My understanding is a cluster means a group of radar scatter points which belong to one object, it’s done by clustering algorithm like K-means, etc.

There is no actual clustering algorithm (e.g. k-means) happening here, just filtering steps.

Thanks for your reply, that’s very helpful!

Hi,
I have thought the whole acquring process of radar data should be like this:
1). the sensor recevied the reflected signal and processed it with DSP; then original point cloud is produced;
2). the original cloud will be further processed by the radar manufactory with clustering algorithm (e.g. k-means) and other criteria ( e.g. RCS); then output the object information .
3). we received the object information via CAN bus in the form of bit-wise operations

I’m not sure whether the process is right . And how about the radar data in nuScenes, is it final object information or original radar point cloud?

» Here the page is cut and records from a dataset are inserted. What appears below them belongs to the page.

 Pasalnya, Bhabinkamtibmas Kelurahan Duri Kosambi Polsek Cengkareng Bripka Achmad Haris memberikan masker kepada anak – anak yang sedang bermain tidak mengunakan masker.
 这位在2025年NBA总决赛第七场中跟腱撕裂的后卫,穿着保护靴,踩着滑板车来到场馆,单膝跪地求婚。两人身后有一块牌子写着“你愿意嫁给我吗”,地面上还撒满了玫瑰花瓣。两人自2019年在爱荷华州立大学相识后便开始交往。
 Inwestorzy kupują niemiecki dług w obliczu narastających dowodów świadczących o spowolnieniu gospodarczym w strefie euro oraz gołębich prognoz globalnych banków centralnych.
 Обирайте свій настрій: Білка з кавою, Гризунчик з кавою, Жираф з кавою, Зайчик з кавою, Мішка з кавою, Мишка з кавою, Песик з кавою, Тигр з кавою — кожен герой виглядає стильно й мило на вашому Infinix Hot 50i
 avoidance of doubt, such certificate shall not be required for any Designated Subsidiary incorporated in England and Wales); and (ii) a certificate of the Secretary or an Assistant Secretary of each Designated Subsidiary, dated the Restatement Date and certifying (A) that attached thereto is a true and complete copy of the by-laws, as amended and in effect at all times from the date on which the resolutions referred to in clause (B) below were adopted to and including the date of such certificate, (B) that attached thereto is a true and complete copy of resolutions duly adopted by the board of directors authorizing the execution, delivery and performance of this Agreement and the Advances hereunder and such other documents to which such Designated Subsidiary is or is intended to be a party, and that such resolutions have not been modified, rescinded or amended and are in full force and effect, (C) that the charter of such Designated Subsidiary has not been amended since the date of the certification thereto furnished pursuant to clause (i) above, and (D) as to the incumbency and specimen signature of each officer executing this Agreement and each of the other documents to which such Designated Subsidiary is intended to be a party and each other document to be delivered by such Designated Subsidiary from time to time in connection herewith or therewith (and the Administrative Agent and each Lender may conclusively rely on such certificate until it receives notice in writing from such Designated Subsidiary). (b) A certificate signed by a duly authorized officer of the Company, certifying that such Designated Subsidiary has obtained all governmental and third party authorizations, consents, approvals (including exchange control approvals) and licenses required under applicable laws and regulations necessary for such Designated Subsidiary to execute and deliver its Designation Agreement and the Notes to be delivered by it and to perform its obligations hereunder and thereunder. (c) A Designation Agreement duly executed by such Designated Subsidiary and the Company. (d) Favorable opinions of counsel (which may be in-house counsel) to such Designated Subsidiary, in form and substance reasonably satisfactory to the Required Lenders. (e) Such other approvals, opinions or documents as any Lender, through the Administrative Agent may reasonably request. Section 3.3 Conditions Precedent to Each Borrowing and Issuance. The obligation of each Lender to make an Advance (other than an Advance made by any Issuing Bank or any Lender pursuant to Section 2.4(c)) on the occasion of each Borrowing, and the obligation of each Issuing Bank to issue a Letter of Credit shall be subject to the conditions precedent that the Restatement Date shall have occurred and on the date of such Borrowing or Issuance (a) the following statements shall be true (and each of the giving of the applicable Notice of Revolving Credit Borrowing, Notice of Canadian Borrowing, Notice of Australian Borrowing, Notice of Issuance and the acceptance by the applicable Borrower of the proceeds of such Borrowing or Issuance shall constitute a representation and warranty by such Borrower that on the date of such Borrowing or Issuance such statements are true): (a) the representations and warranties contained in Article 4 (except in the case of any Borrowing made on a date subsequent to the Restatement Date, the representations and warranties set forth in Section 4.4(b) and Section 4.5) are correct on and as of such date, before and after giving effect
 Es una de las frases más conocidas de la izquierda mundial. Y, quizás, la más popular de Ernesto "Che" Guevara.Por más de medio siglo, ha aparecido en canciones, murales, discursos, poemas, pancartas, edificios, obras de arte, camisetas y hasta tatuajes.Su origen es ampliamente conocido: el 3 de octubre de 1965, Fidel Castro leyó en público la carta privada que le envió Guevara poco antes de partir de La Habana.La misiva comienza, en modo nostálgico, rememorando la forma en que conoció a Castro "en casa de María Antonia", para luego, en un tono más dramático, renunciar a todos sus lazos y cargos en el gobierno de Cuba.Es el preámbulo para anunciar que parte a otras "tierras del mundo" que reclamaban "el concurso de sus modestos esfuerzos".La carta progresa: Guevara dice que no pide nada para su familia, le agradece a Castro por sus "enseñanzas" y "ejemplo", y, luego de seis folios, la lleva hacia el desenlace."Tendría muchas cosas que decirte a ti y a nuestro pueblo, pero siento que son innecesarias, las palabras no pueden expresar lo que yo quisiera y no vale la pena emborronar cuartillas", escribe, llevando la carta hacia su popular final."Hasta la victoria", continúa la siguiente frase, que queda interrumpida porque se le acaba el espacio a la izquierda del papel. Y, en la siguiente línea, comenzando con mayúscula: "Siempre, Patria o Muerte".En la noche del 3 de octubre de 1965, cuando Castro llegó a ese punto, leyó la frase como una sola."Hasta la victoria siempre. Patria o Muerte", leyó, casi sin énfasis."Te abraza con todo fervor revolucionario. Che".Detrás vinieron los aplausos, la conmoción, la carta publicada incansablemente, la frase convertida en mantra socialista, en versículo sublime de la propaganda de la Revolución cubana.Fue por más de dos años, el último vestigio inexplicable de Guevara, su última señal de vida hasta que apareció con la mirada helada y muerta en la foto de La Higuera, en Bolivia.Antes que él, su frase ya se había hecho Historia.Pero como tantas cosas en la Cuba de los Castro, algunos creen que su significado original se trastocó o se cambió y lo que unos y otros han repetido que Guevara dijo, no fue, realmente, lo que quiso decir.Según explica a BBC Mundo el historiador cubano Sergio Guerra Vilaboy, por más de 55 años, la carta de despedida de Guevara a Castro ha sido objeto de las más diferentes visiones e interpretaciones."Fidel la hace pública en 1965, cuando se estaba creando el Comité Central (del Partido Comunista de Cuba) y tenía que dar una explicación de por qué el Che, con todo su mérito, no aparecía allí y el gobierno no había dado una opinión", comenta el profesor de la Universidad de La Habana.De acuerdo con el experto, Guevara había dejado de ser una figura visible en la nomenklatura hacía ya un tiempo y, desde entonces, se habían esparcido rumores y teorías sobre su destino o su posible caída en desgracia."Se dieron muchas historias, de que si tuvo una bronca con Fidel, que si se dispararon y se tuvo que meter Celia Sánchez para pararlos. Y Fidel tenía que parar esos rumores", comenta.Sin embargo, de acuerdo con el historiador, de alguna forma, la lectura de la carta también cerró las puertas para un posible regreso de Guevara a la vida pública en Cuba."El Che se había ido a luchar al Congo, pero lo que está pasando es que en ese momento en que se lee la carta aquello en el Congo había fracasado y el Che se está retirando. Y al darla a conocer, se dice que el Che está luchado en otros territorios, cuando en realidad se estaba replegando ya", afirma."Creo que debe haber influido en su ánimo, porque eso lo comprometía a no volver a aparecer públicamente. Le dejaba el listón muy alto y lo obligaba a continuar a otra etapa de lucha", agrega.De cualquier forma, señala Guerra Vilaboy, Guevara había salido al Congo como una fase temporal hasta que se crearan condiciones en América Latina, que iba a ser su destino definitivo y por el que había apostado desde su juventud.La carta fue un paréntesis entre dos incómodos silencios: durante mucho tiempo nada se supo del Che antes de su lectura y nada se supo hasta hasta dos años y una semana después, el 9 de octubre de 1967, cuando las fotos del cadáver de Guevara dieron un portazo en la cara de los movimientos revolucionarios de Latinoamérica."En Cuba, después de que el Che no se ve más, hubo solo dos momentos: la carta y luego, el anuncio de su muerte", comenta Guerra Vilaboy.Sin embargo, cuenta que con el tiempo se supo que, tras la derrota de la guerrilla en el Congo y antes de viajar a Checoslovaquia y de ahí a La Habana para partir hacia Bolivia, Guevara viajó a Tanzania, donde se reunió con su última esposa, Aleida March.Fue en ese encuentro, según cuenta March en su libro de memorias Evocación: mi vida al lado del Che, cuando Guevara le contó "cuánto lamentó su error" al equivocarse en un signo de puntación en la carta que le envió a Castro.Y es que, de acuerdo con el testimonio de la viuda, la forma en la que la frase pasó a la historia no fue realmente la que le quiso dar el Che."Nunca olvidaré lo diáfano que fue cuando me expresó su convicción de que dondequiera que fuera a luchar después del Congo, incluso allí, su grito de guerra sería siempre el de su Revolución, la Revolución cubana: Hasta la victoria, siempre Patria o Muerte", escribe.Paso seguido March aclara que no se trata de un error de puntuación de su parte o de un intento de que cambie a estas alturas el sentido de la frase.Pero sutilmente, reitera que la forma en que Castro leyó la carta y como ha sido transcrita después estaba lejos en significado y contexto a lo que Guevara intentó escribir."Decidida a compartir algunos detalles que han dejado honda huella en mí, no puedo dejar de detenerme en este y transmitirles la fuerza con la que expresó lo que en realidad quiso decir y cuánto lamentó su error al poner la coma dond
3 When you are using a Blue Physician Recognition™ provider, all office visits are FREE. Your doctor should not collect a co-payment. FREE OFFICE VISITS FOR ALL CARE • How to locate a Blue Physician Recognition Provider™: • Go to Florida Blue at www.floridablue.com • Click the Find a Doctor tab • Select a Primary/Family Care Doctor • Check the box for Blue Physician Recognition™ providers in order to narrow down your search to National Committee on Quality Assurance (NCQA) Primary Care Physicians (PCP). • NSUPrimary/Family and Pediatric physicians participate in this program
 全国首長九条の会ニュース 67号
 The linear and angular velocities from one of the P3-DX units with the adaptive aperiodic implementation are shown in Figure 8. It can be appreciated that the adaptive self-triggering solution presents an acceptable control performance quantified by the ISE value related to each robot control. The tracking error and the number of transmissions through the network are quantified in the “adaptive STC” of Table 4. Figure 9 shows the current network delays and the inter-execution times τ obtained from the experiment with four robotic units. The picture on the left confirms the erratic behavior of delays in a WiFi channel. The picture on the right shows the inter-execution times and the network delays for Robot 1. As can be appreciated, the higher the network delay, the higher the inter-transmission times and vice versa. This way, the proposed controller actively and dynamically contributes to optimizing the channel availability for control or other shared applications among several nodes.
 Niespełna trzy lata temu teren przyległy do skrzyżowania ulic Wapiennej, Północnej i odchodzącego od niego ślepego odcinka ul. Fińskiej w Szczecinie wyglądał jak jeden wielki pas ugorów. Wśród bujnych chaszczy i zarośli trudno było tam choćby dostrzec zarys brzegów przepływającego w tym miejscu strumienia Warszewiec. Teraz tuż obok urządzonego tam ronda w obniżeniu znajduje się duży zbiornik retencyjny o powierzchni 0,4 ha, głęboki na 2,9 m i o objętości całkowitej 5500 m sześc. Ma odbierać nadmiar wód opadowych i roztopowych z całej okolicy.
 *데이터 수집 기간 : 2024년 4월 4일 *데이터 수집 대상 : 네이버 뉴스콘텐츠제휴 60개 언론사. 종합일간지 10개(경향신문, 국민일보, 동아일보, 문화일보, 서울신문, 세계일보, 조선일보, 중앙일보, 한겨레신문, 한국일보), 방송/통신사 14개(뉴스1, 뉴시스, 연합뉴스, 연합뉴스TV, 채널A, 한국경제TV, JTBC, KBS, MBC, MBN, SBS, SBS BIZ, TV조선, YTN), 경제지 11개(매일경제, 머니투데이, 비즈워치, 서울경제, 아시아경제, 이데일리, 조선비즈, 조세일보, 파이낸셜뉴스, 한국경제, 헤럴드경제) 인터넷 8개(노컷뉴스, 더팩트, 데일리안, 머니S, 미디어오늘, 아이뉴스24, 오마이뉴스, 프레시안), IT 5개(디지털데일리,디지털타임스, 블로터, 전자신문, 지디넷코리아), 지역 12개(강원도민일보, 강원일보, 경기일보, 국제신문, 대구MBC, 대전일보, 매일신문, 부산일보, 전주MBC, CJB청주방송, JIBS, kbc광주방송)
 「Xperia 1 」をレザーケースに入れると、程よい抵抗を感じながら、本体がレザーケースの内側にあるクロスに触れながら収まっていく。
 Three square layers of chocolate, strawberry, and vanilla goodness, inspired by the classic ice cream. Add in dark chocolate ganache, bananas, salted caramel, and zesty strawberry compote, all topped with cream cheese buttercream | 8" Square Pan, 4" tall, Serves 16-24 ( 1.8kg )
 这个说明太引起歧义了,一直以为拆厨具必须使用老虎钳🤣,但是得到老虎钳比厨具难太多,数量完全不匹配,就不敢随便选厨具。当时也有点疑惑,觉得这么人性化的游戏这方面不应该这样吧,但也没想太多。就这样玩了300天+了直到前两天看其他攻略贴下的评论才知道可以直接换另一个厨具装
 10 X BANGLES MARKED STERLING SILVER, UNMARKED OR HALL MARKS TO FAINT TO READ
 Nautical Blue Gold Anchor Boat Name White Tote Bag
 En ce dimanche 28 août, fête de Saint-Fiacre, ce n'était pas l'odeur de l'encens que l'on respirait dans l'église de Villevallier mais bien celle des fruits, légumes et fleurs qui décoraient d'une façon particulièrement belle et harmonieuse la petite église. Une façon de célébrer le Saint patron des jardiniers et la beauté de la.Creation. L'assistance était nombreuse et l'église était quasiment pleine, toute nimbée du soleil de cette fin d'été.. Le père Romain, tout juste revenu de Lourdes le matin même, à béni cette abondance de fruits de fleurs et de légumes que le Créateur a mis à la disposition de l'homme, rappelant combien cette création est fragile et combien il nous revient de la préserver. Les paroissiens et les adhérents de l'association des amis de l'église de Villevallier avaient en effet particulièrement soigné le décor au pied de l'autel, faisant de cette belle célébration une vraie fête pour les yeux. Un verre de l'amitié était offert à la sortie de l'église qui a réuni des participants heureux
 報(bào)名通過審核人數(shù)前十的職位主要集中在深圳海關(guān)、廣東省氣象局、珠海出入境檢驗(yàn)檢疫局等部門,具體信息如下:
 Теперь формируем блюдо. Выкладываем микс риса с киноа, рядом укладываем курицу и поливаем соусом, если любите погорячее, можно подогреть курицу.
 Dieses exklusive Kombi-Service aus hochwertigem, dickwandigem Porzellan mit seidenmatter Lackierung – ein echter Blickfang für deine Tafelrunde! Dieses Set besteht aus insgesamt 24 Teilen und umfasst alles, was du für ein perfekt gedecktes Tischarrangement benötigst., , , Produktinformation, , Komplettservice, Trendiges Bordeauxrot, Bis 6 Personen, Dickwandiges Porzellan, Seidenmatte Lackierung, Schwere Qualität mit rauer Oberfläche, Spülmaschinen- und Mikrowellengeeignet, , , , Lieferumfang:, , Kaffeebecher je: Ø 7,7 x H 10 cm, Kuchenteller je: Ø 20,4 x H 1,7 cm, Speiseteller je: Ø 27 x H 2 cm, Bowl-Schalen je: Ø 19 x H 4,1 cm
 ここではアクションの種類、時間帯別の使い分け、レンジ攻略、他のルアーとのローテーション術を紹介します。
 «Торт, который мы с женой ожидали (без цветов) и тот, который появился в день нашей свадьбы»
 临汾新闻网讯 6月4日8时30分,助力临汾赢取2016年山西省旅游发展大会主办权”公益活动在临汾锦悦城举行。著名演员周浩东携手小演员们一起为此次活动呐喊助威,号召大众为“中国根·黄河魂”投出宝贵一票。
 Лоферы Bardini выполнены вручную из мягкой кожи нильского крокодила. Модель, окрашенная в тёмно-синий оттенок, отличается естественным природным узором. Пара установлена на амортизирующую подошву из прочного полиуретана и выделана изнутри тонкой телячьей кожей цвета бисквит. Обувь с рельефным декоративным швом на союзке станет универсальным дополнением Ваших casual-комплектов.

I admit that this is confusing, but as quoted from the manual above, the so-called “clusters” are the “original radar point cloud” (after some filtering).

Hi Cubloc,

I think you can understand as follows: the radar data from nuScenes dataset is called cluster, not because it uses clustering algorithm in pattern recognition theory like k-means etc., but clustering algortihm in radar signal detection field, one cluster is generated by combining multiple radar peaks to one point, this cluster then gets a position, RCS value and a velocity derived from the doppler effect. In a further step multiple clusters might be combined to an object, which you can use clustering algorithms in pattern recognition theory. On this level tracking algorithms/feature extraction algorithm can be used to determine some properties of the object. I hope this is helpful for you to understand.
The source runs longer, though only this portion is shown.